LEAD INVESTOR AGREEMENT

This Lead Investor Agreement (this “Agreement”) is entered into as of December 22, 2009, by and among North American Financial Holdings, Inc. (the “Company”), Crestview-NAFH, LLC (the “Lead Investor”) and certain individuals listed on the signature pages hereto (the “Management Shareholders” and, collectively with the Company and the Lead Investor, the “Parties”).

WHEREAS, as a condition and inducement to the Lead Investor’s willingness to purchase certain shares of common stock of the Company in connection with the proposed private offering of shares of common stock of the Company (the “Offering”), the Parties desire to provide herein for certain agreements with respect to the corporate governance and certain other matters relating to the Company.

NOW, THEREFORE, in consideration of the premises and of the mutual covenants and agreements hereinafter set forth, the Parties hereby agree as follows:

1.        Nomination Rights. At any meeting of stockholders of the Company at which directors of the Company are to be elected, the Company shall nominate for election to the Board of Directors of the Company (the “Board of Directors”) one person (the “Lead Investor Designee”) designated by the Lead Investor; provided that the Lead Investor and its affiliates continue to hold at least 33% of the original number of shares of common stock of the Company (the “Common Stock”) purchased by the Lead Investor in the Offering. In furtherance of the foregoing, the Company shall include in any proxy statement and proxy or information statement and consent distributed by the Company for the purpose of soliciting proxies or consents for election to the Board of Directors the Lead Investor Designee.

2.        Removal. Except as otherwise required by the Company’s Certificate of Incorporation as in effect on the date hereof or the Company’s Bylaws as in effect on the date hereof, neither the Company nor any Management Shareholder shall take any action to remove, with or without cause, the Lead Investor Designee serving on the Board of Directors; provided that, upon the written request of the Lead Investor to remove, with or without cause, the Lead Investor Designee serving on the Board of Directors, each Management Shareholder shall vote in person or by proxy or by written consent all of the shares of common stock of the Company and any other voting securities of the Company owned by such Management Shareholder (whether now owned or hereafter acquired), or which such Management Shareholder is entitled to vote, in favor of the removal of such Lead Investor Designee.

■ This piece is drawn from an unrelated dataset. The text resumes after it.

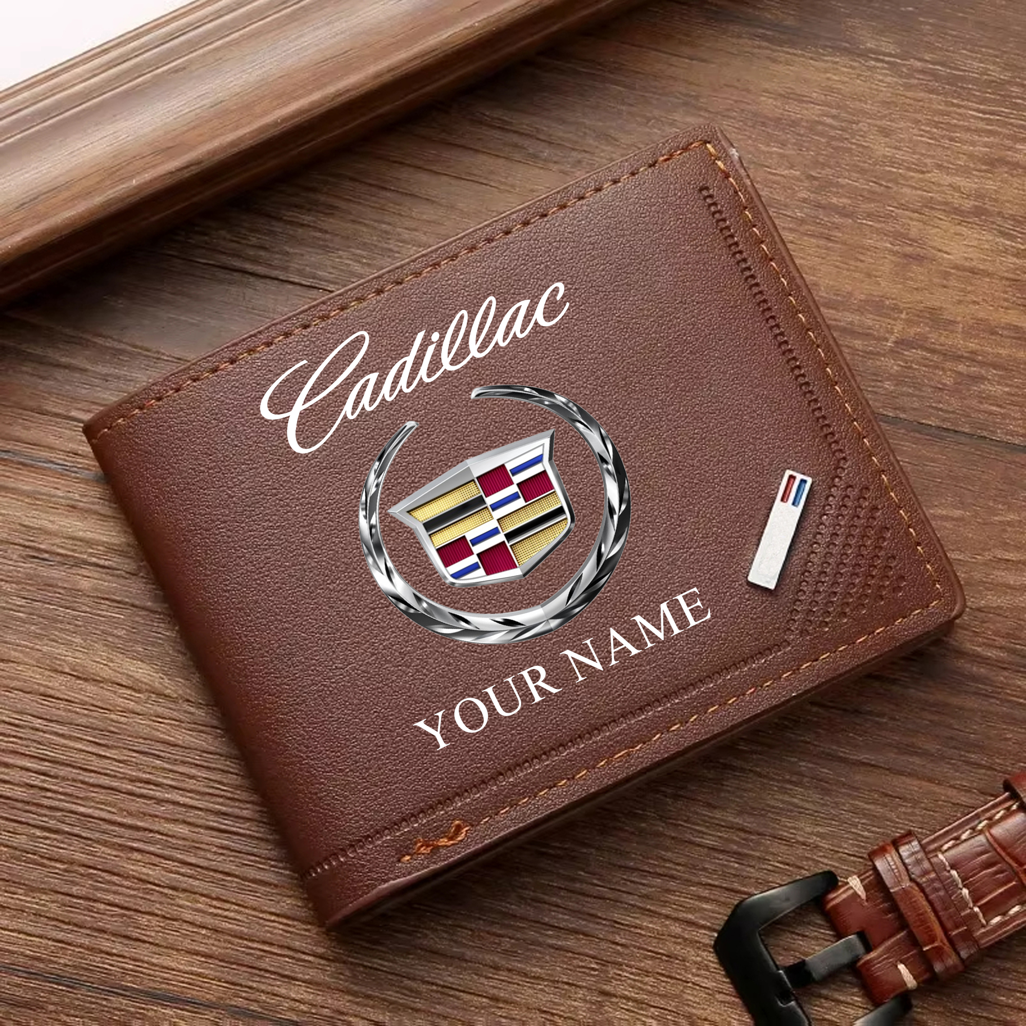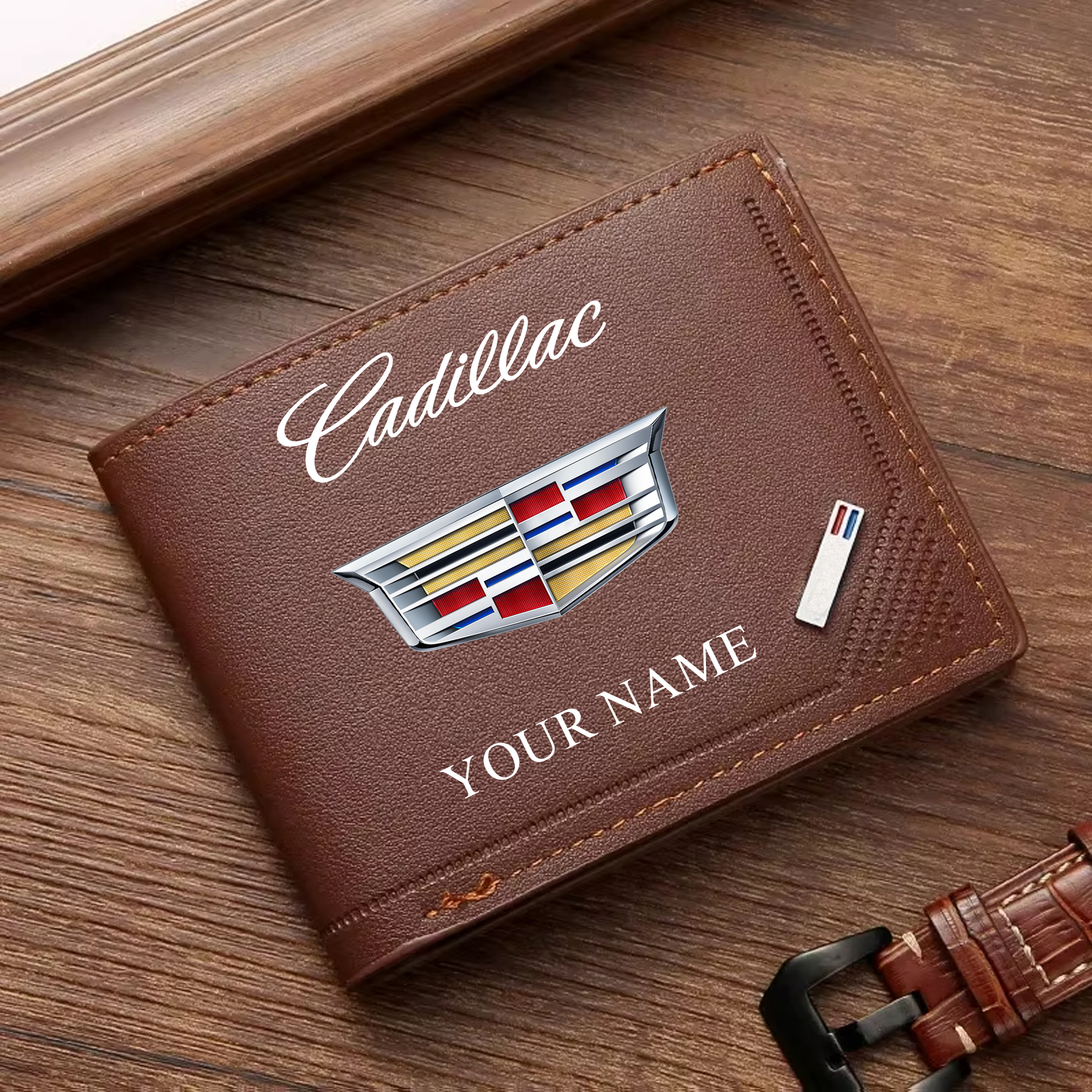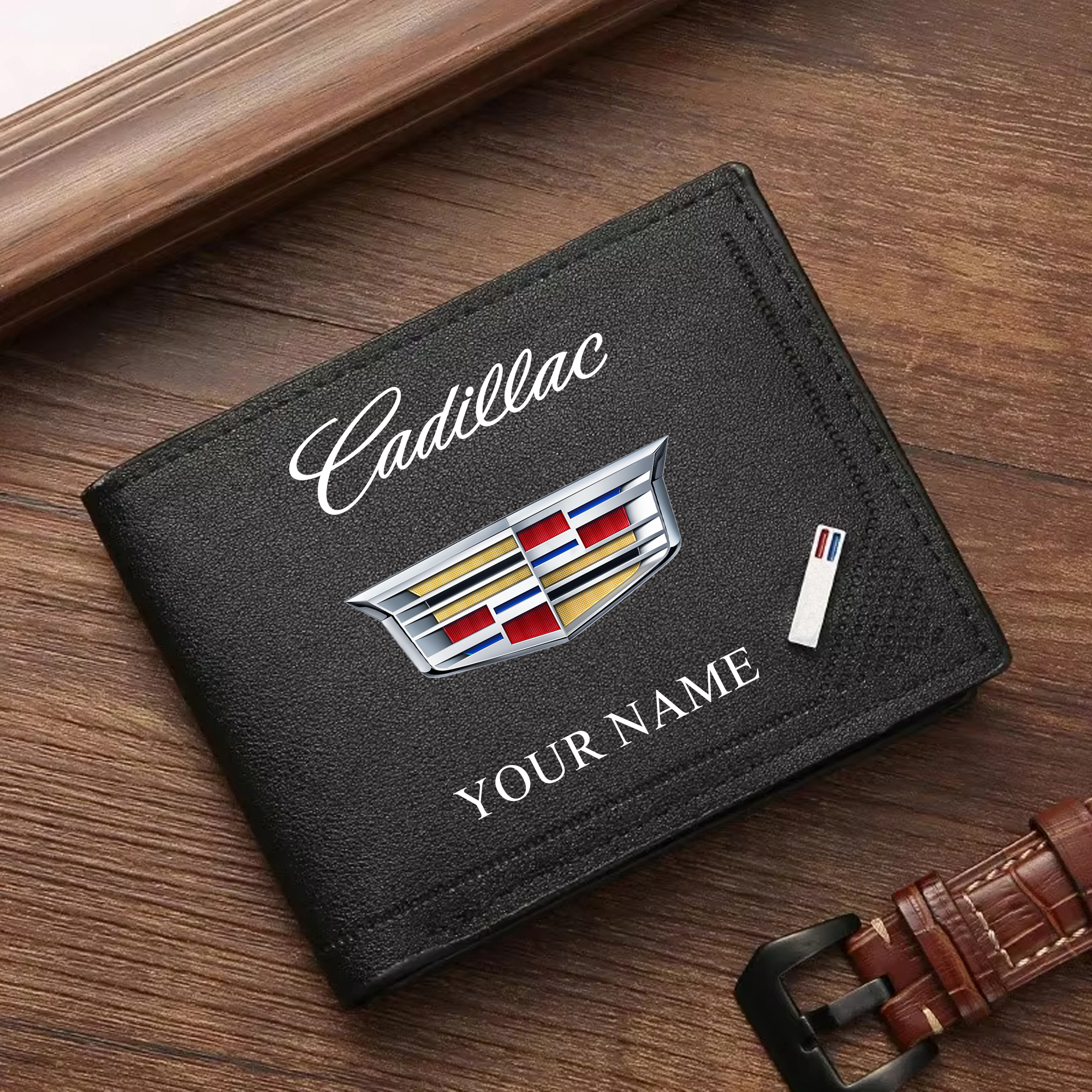 With the launch of the exclusive Made-to-Order service, you can make your Wallet unique by not only having your special Cadillac Emblem but also your Name printed on the item. Upgrade your everyday carry with our custom leather wallets, featuring your favorite car emblem. Crafted from soft leather and boasting multiple pockets, these wallets blend style with functionality.

3.        Vacancies. If a vacancy on the Board of Directors resulted from the death, resignation, retirement, disqualification, removal from office or other cause of the Lead Investor Designee, the Board of Directors shall fill such vacancy only with a person designated by the Lead Investor; provided that the Lead Investor continues to have the right to nominate the Lead Investor Designee pursuant to Section 1.

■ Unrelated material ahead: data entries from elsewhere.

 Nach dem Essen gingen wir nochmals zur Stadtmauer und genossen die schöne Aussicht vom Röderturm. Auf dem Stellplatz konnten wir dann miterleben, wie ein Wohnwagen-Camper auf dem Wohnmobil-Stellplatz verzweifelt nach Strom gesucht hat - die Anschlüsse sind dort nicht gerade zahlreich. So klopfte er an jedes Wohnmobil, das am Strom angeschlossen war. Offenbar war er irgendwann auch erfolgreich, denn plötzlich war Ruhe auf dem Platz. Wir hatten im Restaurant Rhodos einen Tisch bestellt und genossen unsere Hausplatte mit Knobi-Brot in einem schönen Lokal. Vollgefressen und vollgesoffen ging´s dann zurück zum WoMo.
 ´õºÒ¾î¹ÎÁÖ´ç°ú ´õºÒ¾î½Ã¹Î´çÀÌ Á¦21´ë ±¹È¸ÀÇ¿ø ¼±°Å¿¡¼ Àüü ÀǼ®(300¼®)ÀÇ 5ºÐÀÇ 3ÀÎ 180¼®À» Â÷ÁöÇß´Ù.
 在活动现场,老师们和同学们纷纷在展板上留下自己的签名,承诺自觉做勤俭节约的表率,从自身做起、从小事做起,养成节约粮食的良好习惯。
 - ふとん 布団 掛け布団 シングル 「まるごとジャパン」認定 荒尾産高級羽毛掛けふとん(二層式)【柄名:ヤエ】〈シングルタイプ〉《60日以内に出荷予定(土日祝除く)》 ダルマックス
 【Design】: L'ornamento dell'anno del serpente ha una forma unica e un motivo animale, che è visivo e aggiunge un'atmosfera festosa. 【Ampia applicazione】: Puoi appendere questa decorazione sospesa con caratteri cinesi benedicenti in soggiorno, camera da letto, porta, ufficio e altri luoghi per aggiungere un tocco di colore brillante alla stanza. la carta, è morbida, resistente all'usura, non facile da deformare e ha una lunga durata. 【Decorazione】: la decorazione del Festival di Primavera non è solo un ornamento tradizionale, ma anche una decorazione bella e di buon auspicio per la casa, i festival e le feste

4.        Committee Rights. The Company agrees that the Lead Investor Designee serving on the Board of Directors shall also serve on each of the Compensation Committee of the Board of Directors and the Nominating and Corporate Governance Committee of the Board of


Directors; provided that the Lead Investor continues to have the right to nominate the Lead Investor Designee pursuant to Section 1 above.

5.        Voting Covenant; Further Assurances. Each of the Parties hereto agrees to take, or cause to be taken, all reasonable actions and to do, or cause to be done, all reasonable things necessary to give effect to the rights of the Lead Investor hereunder. Without limiting the generality of the foregoing, each of the Management Shareholders shall vote in person or by proxy or by written consent all of the shares of Class A Common Stock of the Company and any other voting securities of the Company owned by such Management Shareholder (whether now owned or hereafter acquired), or which such Management Shareholder is entitled to vote, (i) in favor of the election to the Board of Directors of the Lead Investor Designee, (ii) as provided in Section 2 and (iii) to effectuate the other provisions of this Agreement. Each of the Parties agrees that it will take all such action as shall be necessary to ensure that the Company’s Certificate of Incorporation and Bylaws do not conflict with any provision of this Agreement.

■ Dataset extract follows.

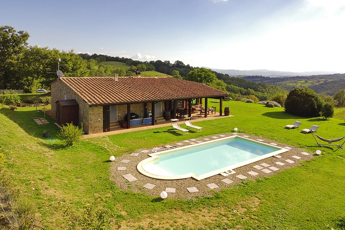 Overlooking the panoramic view of the surrounding hills and the sea on clear days, this thoughtfully-restored holiday home (built in 2,500 square meters within a 30,000 square meter property) provides the perfect opportunity to appreciate nature, enjoy the local cuisine and wine called Morellino di Scansano and be lost in the beauty of the landscape.

6.        Governing Law. This Agreement will be construed under, and the obligations of the Parties hereunder will be determined in accordance with, the laws of the State of New York (without regard to any conflict of law provisions thereof that would cause the application of the laws of any jurisdiction other than the State of New York). EACH OF THE PARTIES HEREBY IRREVOCABLY WAIVES ANY AND ALL RIGHT TO TRIAL BY JURY IN ANY LEGAL PROCEEDING ARISING OUT OF OR IN CONNECTION WITH THIS AGREEMENT OR THE TRANSACTIONS CONTEMPLATED HEREBY.

7.        Amendments; Waivers. No waiver and no amendment of any provision of this Agreement will be effective unless such waiver or amendment is in writing and signed by the Party against whom it is sought to be enforced.

8.        Entire Agreement. This Agreement sets forth the entire agreement and understanding among the Parties relating to the subject matter hereof and supersedes all other prior agreements, discussions and documents with respect thereto.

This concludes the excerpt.